King ve ekibi buzda hapsolmuş karbondioksit seviyelerine odaklandı. İnsanların nefes verirken yaydığı ve bitkilerin oksijen oluşturmak için kullandığı gaz Dünya gezegenindeki atmosfer sağlığının önemli bir göstergesi. King, “Atmosferdeki karbondioksit miktarı, karbondioksit yayan şeyler ile karbondioksiti emen şeyler (örneğin okyanuslar, ormanlar ve insan faaliyetleri) arasındaki dengedir” diyor. Bu denge çoğu zaman insan faaliyetlerinden dolayı bozulur. Bu çalışma durumunda insan faaliyetinin kolonizasyon olduğu ortaya çıktı.

Yaygın hastalıklar bir zamanlar Dünya atmosferini değiştirme yeteneğine sahipken, denklem artık o kadar basit değil.
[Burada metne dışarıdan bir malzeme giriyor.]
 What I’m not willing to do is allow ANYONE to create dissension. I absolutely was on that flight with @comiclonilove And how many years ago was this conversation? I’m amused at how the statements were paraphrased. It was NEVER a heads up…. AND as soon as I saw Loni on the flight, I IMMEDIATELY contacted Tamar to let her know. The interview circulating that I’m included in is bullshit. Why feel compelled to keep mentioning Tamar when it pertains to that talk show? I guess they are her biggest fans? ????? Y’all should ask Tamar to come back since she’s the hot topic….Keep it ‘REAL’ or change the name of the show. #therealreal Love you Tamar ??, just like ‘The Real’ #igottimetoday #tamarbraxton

En son salgın da milyonlarca ölümle sonuçlandı, ancak bu olay muhtemelen buz tabakalarıyla sınırlı kalmayacak. Öncelikle, toplam ölüm sayısı günümüzün daha büyük küresel nüfusuna göre daha küçük bir yüzdeydi. Ayrıca King, “16. ve 17. yüzyıla kıyasla bugün çok daha büyük arka plan karbondioksit emisyonları var” diyor. “Pandemi sırasında pek çok insan için pek çok şey değişse de, en büyük emisyona neden olanların çoğu durmadı.” Şu anda hala atmosferdeki karbondioksitte hızlı bir artış yaşıyoruz.

King, ekibinin bulgularının insan eylemlerinin ne kadar önemli olduğunu gösterdiğini söylüyor. Şöyle açıklıyor: “O dönemdeki insan değişiklikleri atmosferimiz üzerinde gözle görülür bir etkiye neden oldu ve bu da insanların bu erken dönemde bile ne kadar etkili olduğunu gösteriyor.”